• _EXERCISE AIM_: Records follow. Print exactly the lines from the one that has "MATERIAL & MEASUREMENT" through the one that has "Siyasi ve edebî", inclusive, and omit the pictures.

• _MATERIAL FOR THE TASK_:
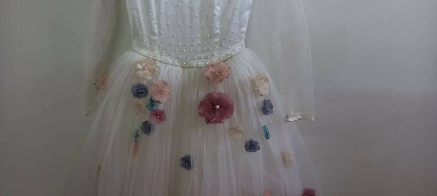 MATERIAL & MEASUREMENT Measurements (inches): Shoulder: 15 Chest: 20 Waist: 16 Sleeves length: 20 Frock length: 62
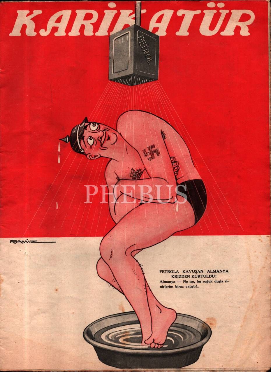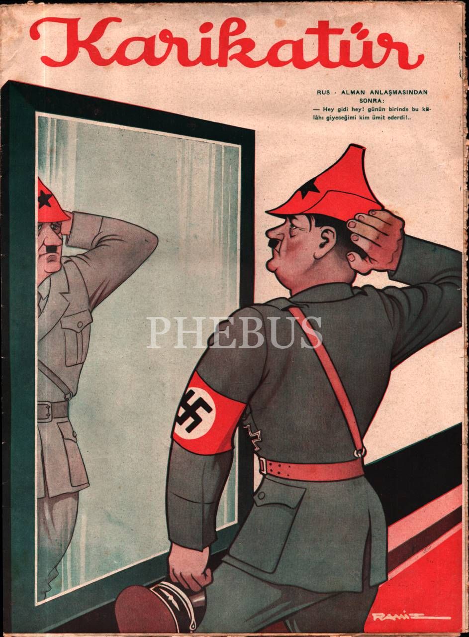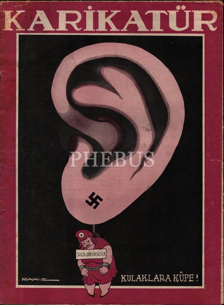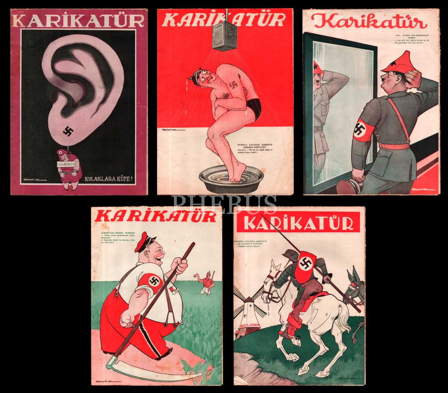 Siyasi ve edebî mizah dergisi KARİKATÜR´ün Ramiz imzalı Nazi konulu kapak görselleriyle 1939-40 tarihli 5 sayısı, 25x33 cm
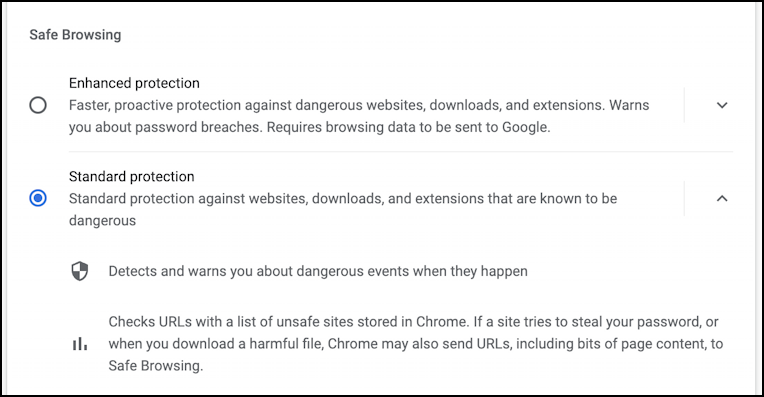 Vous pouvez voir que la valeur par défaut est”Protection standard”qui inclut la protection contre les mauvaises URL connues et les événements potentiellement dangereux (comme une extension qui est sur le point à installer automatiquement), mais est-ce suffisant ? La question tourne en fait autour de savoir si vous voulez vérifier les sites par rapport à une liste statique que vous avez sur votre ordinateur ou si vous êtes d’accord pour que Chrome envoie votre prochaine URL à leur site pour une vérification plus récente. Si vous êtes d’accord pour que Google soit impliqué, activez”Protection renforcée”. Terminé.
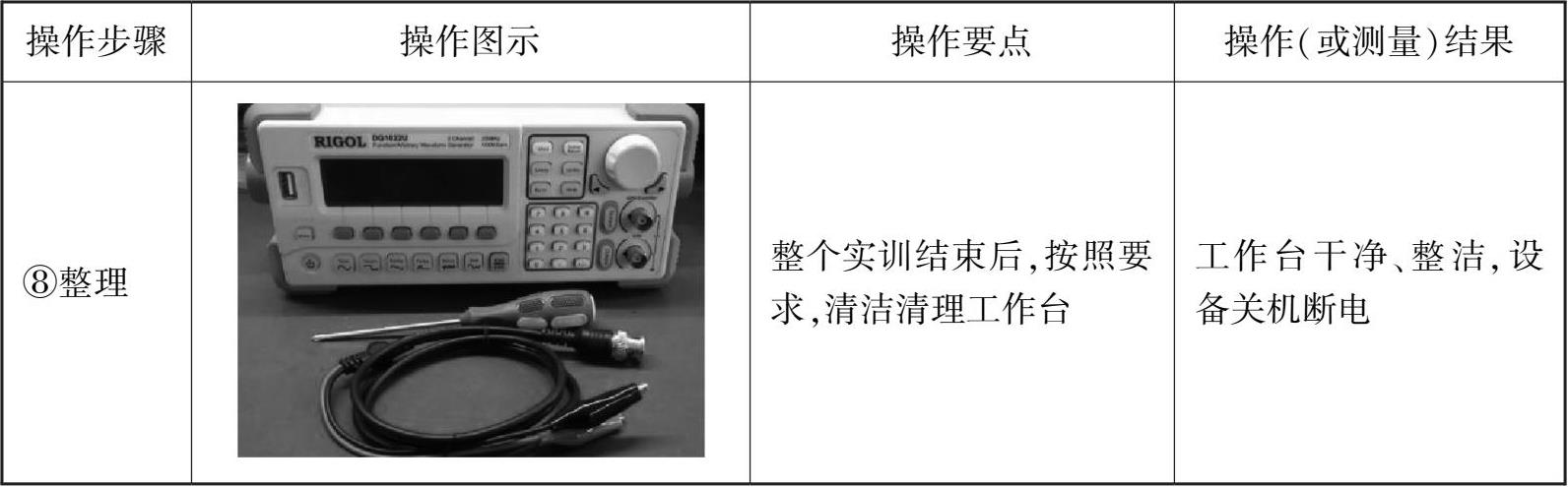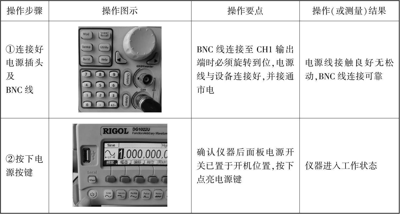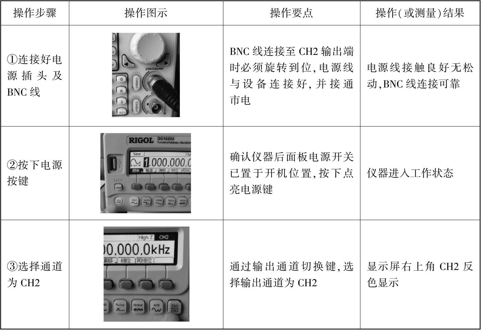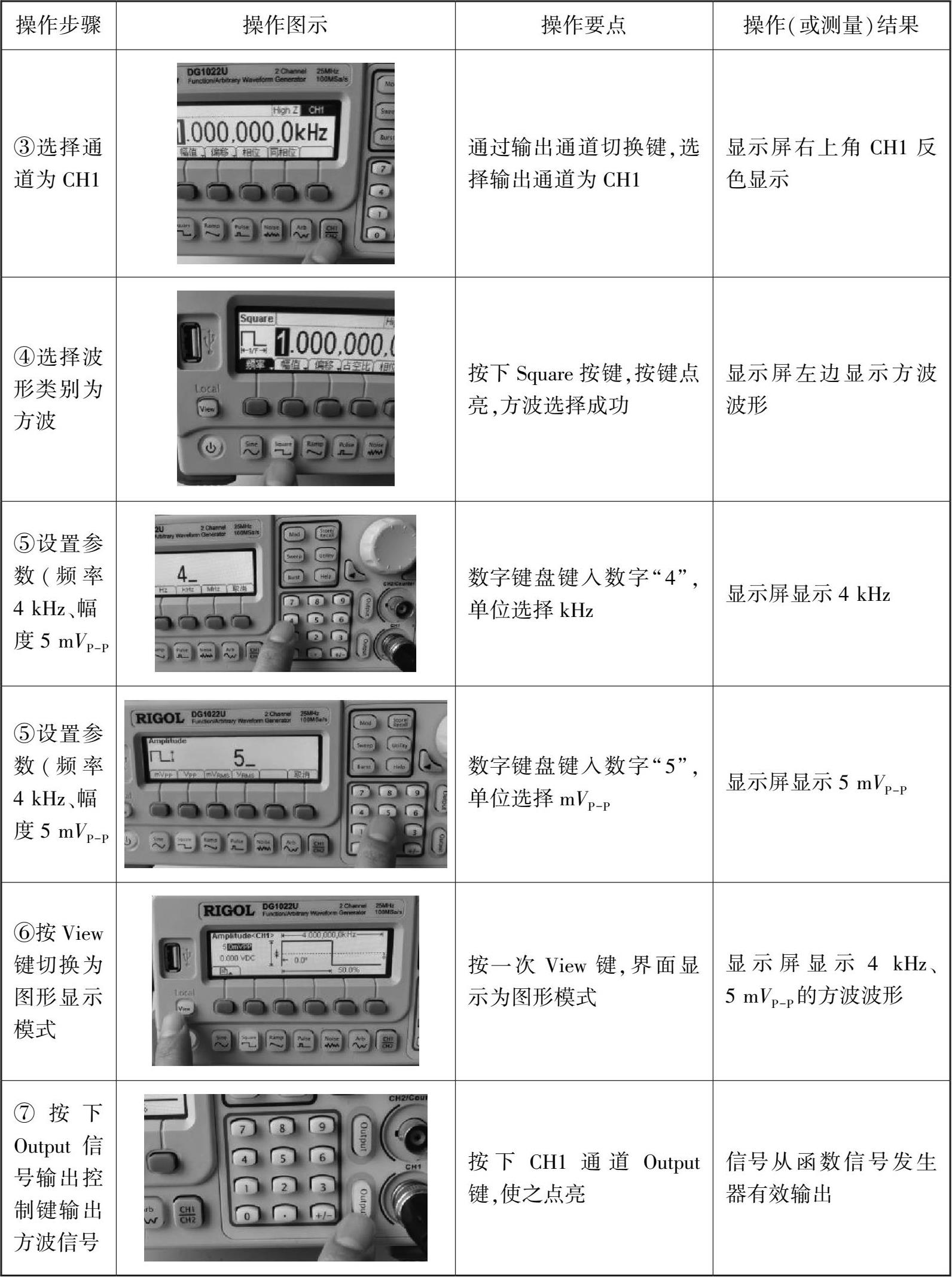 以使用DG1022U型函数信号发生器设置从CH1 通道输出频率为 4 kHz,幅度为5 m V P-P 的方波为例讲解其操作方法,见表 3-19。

...

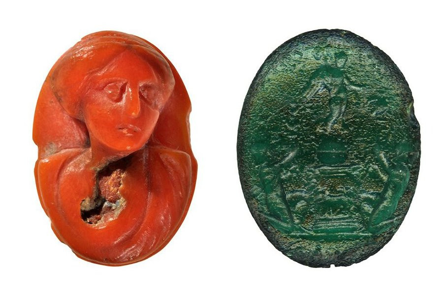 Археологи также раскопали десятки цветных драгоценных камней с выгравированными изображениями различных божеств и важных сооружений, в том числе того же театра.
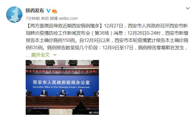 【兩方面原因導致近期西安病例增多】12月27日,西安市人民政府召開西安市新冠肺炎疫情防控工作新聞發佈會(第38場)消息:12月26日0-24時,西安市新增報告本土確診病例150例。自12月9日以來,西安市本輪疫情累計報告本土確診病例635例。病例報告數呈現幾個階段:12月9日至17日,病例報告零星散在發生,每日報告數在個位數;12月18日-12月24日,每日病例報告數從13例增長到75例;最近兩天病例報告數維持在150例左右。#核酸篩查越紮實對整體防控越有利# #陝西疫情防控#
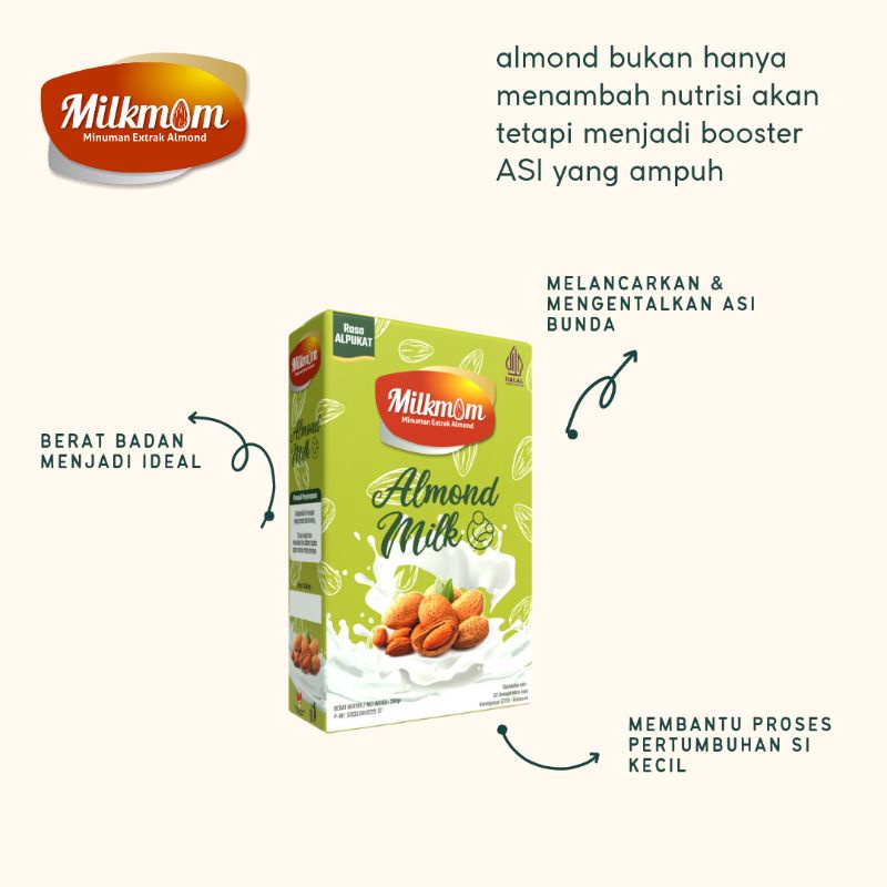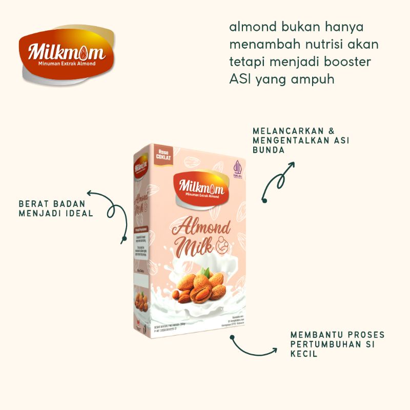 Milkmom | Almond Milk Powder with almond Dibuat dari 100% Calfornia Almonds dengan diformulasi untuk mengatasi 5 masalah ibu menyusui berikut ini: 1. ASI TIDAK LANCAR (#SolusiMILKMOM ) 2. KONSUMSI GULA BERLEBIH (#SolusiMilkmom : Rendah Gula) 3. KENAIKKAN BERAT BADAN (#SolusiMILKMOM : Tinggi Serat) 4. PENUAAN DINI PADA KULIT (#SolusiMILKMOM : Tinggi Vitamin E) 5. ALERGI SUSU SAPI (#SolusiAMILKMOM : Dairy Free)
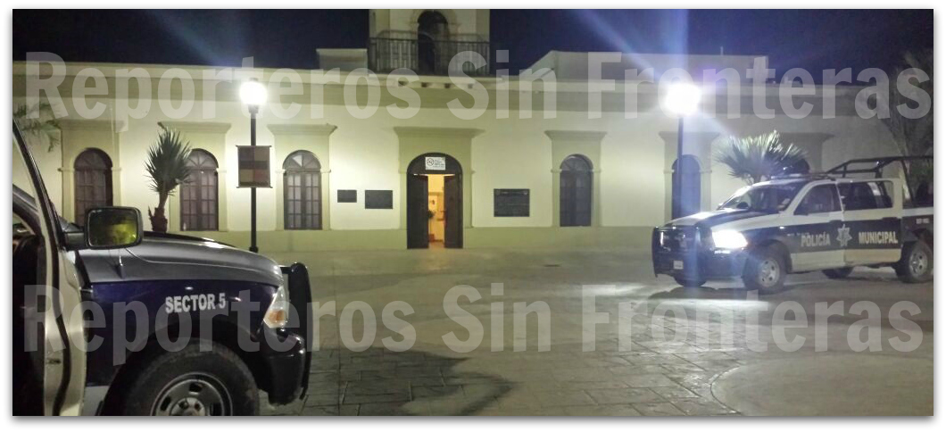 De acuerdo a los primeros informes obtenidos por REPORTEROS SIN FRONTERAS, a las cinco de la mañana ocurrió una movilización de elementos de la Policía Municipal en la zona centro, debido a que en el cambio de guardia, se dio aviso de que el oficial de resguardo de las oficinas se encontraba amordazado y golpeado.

...

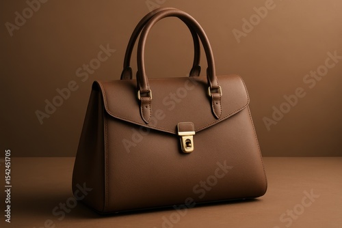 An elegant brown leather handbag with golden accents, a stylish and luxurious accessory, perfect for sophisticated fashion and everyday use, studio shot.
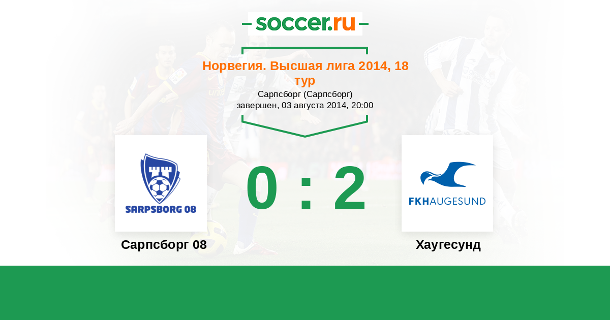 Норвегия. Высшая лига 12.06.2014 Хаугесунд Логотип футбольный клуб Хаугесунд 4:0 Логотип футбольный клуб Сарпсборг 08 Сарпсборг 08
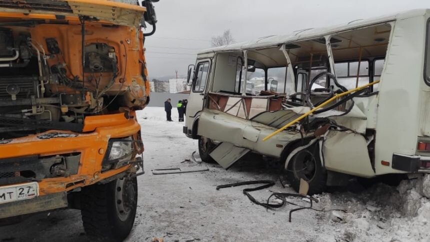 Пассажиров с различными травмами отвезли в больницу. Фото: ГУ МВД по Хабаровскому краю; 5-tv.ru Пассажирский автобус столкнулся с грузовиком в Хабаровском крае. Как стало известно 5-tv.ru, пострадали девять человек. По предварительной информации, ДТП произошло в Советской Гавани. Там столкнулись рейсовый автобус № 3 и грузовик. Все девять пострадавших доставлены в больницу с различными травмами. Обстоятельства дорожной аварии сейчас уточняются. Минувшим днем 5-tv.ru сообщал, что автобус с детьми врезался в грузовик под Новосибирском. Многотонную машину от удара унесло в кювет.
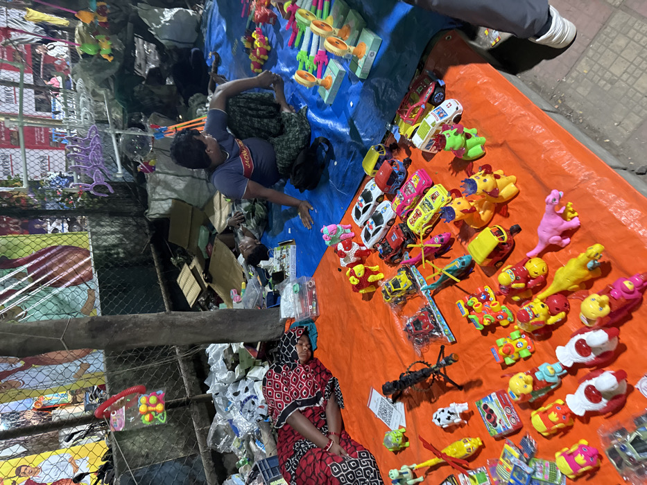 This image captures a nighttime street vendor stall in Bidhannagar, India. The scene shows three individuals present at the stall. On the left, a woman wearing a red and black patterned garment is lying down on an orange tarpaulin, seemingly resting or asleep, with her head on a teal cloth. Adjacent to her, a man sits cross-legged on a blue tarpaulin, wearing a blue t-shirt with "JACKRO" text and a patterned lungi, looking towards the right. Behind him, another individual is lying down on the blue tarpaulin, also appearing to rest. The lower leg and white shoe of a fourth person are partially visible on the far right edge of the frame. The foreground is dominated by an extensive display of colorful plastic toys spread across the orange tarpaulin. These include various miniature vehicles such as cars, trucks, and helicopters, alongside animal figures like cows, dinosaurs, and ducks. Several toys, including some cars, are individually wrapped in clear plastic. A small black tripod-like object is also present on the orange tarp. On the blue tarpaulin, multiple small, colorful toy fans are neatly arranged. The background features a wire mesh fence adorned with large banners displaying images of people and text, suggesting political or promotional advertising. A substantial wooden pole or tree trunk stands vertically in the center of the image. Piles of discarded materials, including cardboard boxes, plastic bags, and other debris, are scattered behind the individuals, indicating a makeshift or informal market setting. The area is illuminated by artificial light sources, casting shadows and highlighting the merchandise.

• _WRITTEN SOLUTION_:
 MATERIAL & MEASUREMENT Measurements (inches): Shoulder: 15 Chest: 20 Waist: 16 Sleeves length: 20 Frock length: 62
 Siyasi ve edebî mizah dergisi KARİKATÜR´ün Ramiz imzalı Nazi konulu kapak görselleriyle 1939-40 tarihli 5 sayısı, 25x33 cm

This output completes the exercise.